China - Institutional Strengthening Mission

After the “United Nations International Conference on Space‐based Technologies for Disaster Management”, the UN-SPIDER Beijing office organized an interactive training session in Beijing, China from 21 to 22 October 2013 as part of an Institutional Strengthening Mission. The aim was to strengthen the capacity of the National Disaster Reduction Centre of China (NDRCC) to effectively embed Space technologies in their activities.

Dates: 

Mon, 21/10/2013 to Tue, 22/10/2013

Host Institution: 

National Disaster Reduction Centre of China (NDRCC)

Country/Region: 

Mission Team: 

Experts were from UN-SPIDER, Delta State University (United States), the Asia-Pacific regional office of the Office for the Coordination of Humanitarian Affairs of the Secretariat, the University of Twente (Netherlands), IWMI and the Bureau for Crisis Prevention and Recovery of the United Nations Development Programme (UNDP). 

Mission Profile: 

The course, which was part of an Institutional Strengthening Mission, focused on disaster risk assessment (especially flood and drought), relief needs assessment, situation analysis, early warning systems, and international standards related to disaster prevention and mitigation.

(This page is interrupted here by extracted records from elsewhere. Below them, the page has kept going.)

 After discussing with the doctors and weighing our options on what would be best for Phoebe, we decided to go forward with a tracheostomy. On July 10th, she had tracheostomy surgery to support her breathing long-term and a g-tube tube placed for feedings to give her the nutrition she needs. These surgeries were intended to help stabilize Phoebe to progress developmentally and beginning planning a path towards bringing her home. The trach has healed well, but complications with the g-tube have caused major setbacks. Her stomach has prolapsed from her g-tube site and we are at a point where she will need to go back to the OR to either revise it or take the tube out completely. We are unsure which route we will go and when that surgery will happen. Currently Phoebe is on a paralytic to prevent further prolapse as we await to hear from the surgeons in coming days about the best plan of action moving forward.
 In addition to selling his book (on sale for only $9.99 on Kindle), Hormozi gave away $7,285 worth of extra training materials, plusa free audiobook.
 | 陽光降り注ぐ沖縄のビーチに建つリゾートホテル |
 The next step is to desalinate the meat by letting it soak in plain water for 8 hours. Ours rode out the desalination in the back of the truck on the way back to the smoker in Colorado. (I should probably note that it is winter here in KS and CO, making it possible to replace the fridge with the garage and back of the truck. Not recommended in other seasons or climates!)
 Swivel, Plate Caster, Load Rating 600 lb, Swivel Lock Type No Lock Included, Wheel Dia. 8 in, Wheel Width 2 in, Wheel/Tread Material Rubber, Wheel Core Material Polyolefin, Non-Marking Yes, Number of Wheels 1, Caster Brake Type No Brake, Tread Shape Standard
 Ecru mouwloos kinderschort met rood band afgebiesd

The objective of the training was to strengthen the capacity of the national agencies to use geospatial technologies for flood and drought management. It provided an insight on the use of satellite images and spatial information in flood and drought risk management by providing hands‐on training on using spatial data for risk mapping, flood modelling and rapid mapping (damage assessment). Thus, the training demonstrated the use of space based information in the entire cycle of flood management. The participants benefited from the experience sharing by experts from the centres of excellence, demonstration of the best practices in various countries and practical sessions on the software tools. Subjects included: integrating climate change adaptation, sustainable development and ecosystems in disaster risk reduction; integrating geospatial technologies for crisis management; using secondary data in humanitarian needs assessments; disaster risk modelling, mapping and profiling for public decision-making; object-oriented image analysis methods in disaster risk management; use of remote sensing data in flood mapping and modelling; and case studies from Asia and Africa.